Resources Created Automatically​

Transformer Lab creates these in your project and reuses them on subsequent launches:

ResourceName PatternPurpose
Firewall ruletfl-<team_id>-sshAllows SSH (port 22) inbound to instances tagged transformerlab-compute on the default VPC
VM (per job)Derived from cluster nameRuns the training job; self-deletes on completion
Boot disk (per VM)Auto-named with the VMpd-balanced disk, deleted automatically with the VM

VMs are launched on the project's default network with an ephemeral external IP (one-to-one NAT) so Transformer Lab can SSH in and stream logs.

Supported GPU Types​

Specify GPUs as <type>:<count> in task configuration (e.g. A100:8).

GPUAvailable CountsCompute Engine Machine Type
T41, 2, 4n1-standard-* + attached nvidia-tesla-t4
V1001, 4n1-standard-* + attached nvidia-tesla-v100
P1001, 4n1-standard-* + attached nvidia-tesla-p100
L41, 4, 8g2-standard-*
A1001, 2, 4, 8a2-highgpu-*g
A100-80GB1, 2, 4, 8a2-ultragpu-*g
H1008a3-highgpu-8g

CPU-only instances are also supported. Transformer Lab picks the smallest of e2-standard-2/4/8/16 or n2-standard-32/48/64/80/96 that satisfies the vCPU and memory requested by your task.

Zonal availability

Not every machine type and accelerator is available in every zone. If a launch fails with a quota or availability error, try a different zone (e.g. switch from us-central1-a to us-central1-c) or request a quota increase under IAM & Admin → Quotas.

Required GCP Permissions Reference​

The following table lists the operations Transformer Lab performs against the Compute Engine API. The pre-built Compute Admin role covers all of them; you can also assemble a custom role with just these.

Compute Engine​

OperationWhy
compute.machineTypes.listProvider health check on startup
compute.instances.createLaunch a VM for each job
compute.instances.get / listLook up an instance by cluster name and poll status
compute.instances.deleteStop/remove a VM on demand and during self-termination
compute.instances.setMetadataInject the SSH public key and startup script
compute.disks.createCreate the boot disk attached to each VM
compute.acceleratorTypes.getResolve GPU accelerator URLs

Networking​

OperationWhy
compute.firewalls.get / createEnsure the per-team SSH firewall rule exists on the default VPC
compute.networks.useAttach the VM NIC to the default network

IAM (VM self-termination)​

OperationWhy
iam.serviceAccounts.actAsAttach your service account to each VM so it can call instances.delete on itself

The Service Account User role grants iam.serviceAccounts.actAs. The Compute Admin role covers everything else listed above.

Troubleshooting​

Credential validation fails immediately after adding the provider​

  • Confirm the Compute Engine API is enabled in the project the service account belongs to.
  • Confirm both Compute Admin and Service Account User are granted to the service account, not to a user.
  • Make sure the JSON key has not been revoked under IAM & Admin → Service Accounts → Keys.

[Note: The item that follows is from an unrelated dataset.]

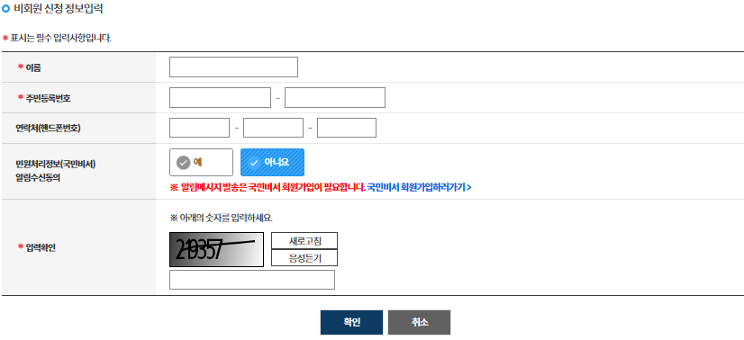 3. 비회원 로그인을 선택 하고 간편 인증을 진행합니다

"Image family not found" when launching a GPU VM​

GCP periodically rotates Deep Learning VM image families. Transformer Lab tries several fallback families automatically, but if all of them fail, the project may not have access to the deeplearning-platform-release images. Check that your organization policy allows pulling from that public project, or pin a specific image by setting the provider's gpu_image extra config to a valid image URL.

Quota or availability errors​

  • Compute Engine GPU quotas are zonal. Open IAM & Admin → Quotas, filter by the GPU type (e.g. NVIDIA A100 GPUs), and request an increase in your target region.
  • Some accelerators (notably H100 and A100-80GB) are only available in a subset of zones. Try a different zone or region if a launch fails with ZONE_RESOURCE_POOL_EXHAUSTED.

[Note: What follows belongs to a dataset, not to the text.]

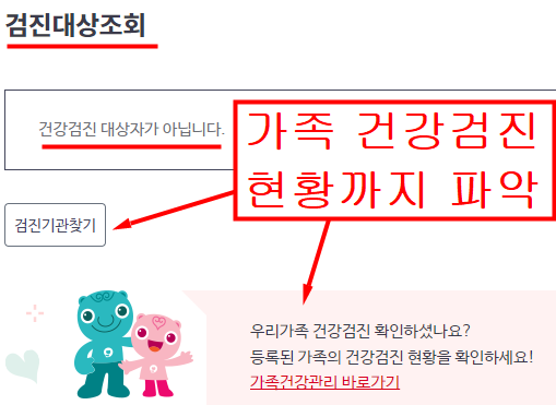 3. 검진기관 찾기와 가족건강관리까지 모두 체크가 가능하니 꼭 건강검진대상자분들은 이용하셨으면 좋겠습니다.

VM launches but produces no logs​

  • The VM may still be bootstrapping. Deep Learning VM images can take several minutes to install drivers on first boot.
  • Verify that no organization-level firewall policy overrides the team SSH firewall rule on the default network.

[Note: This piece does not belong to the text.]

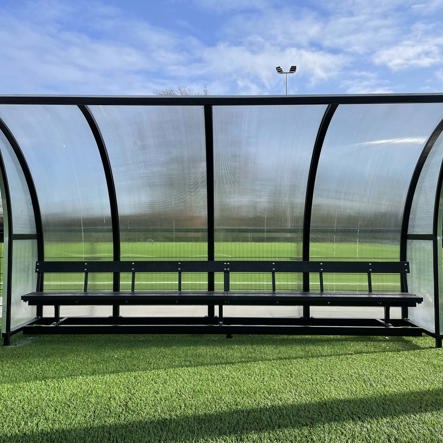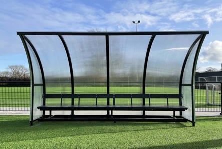 Nye innbytterbenker i resirkulert plast, på nyetablert kunstgressbane

VM does not delete itself after the job finishes​

The VM uses its attached service account to call instances.delete on itself. If self-termination fails, confirm the service account still has Compute Admin (or at minimum compute.instances.delete) on the project. You can always manually delete leftover VMs from the Cloud Console under Compute Engine → VM instances.